Monday, October 19, 2020

Wilhelm's Eleven

 

Friedrich Wilhelm Voight was born in Prussia in 1849 and learned the shoemaking trade from his father.  But at the early age of 14, he began his criminal career with a two-week jail stay for theft.  He did not learn much from that: during a 27-year period, he spent 25 of them in prison.  Out in early 1906, he came up with a caper that Danny Ocean would have appreciated.

Wilhelm bought an army captain's uniform in a pawnshop, collected ten local soldiers solely on the authority represented by his uniform, and marched into the city hall of Koepenick, Prussia.  There the cowed city officials handed over 4,002 marks and change to the "captain," who obligingly signed a receipt (with someone else's name, of course). He sent his troop on their way back to duty, and disappeared.

                                                             City Hall, Koepenick

But, he was arrested a few weeks later in October 1906 and sentenced to two years.  While serving his time, the story spread around Germany and even the Kaiser was amused ("he seems like an amiable fellow") and pardoned Wilhelm.  Quickly becoming a folk hero, a wax figure was made for a museum, and he wrote a play  about his hijinks and toured central Europe.  Subsequently, in 1909, he published a successful book.  Over the next three-quarters of a century, another play, movies and television retold his story, a Clyde without a Bonnie, a Jesse James, a Robin Hood, and yes, like Zorro too.  The tried and true course of criminal to popular hero to media figure.
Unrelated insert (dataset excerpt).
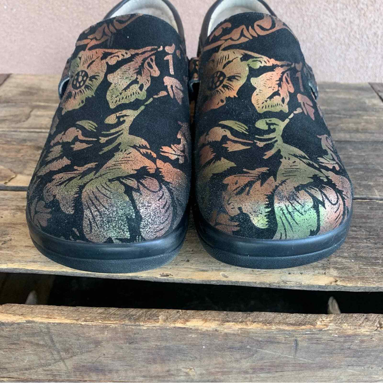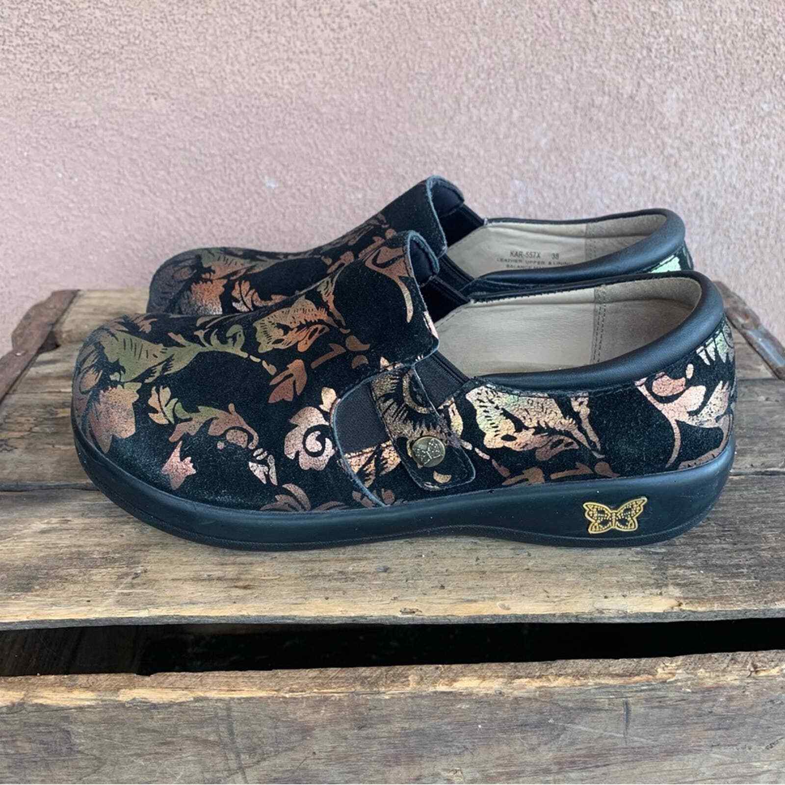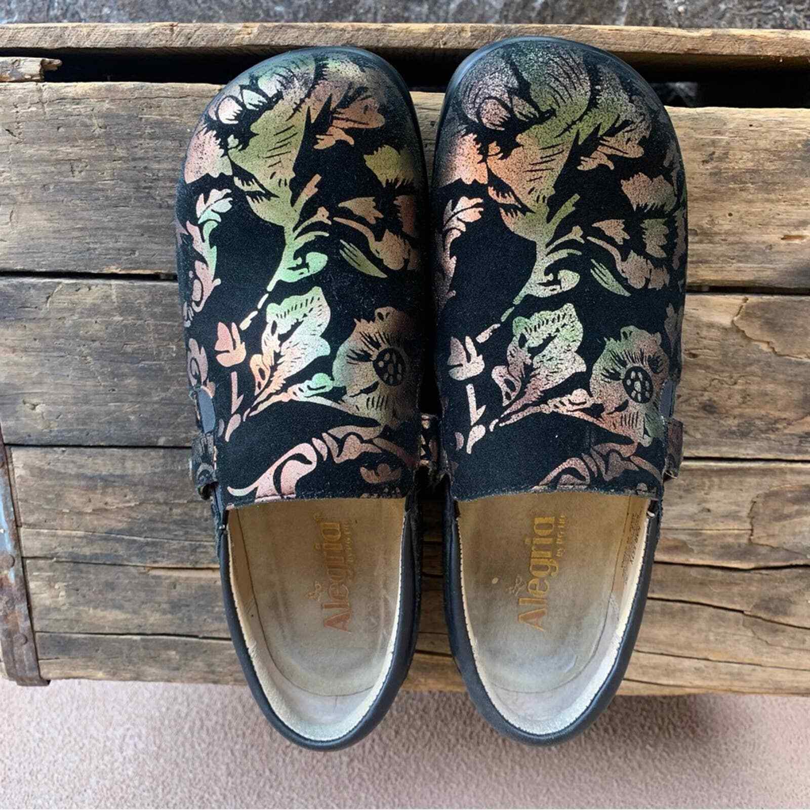 как выглядит Alegria by PG Lite Black Floral Slip On Shoes фото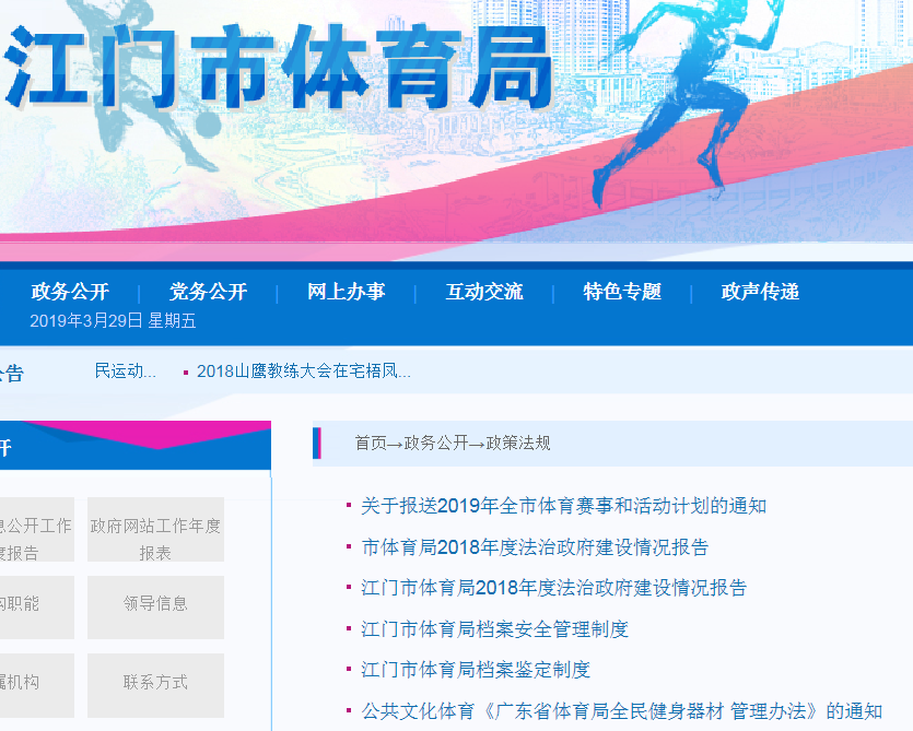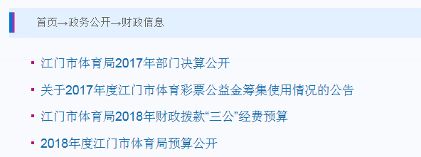 (一)政府信息公开平台主动公开政府信息情况。截至2018年12月31日,原市文广新局在江门市政府信息公开目录系统主动公开政府信息465条,其中工作动态345条,组织机构2条,部门文件45条,其他信息65条,财政预决算4条,政府信息公开年度报告1条,政府网站年度报表1条,行政执法1条,政府信息公开指南1条;原市旅游局在江门市政府信息公开目录系统主动公开政府信息116条,其中政府信息公开工作年度报告1条,政府信息公开指南3条,部门文件7条,工作动态89条,旅游景区等级评定推荐1条,行政执法10条,政府网站工作年度报表1条,组织机构4条;原市体育局在江门市政府信息公开目录系统主动公开政府信息291条,其中工作动态115条,组织机构3条,主动公开规范性文件0条,其他文件33条,办事指南类信息1条,财政预决算3条,政府信息公开年度报告1条,其他信息135条。

The ruse of using a false uniform has been employed for more sinister purposes.  One hundred and fifty Austrian Nazis did so in the first, unsuccessful, putsch in Austria (1934); the Wehrmacht did during the World War II invasion of the Netherlands and later impersonation of American MPs during the Battle of the Bulge, and it works in Afghanistan today.

Nothing is stranger than a true story.


2 comments:

  1. and a string of beads, a headband and two fingers makes you a hippie.

    ReplyDelete
  2. and in the military, salute the ones with the best jewelry.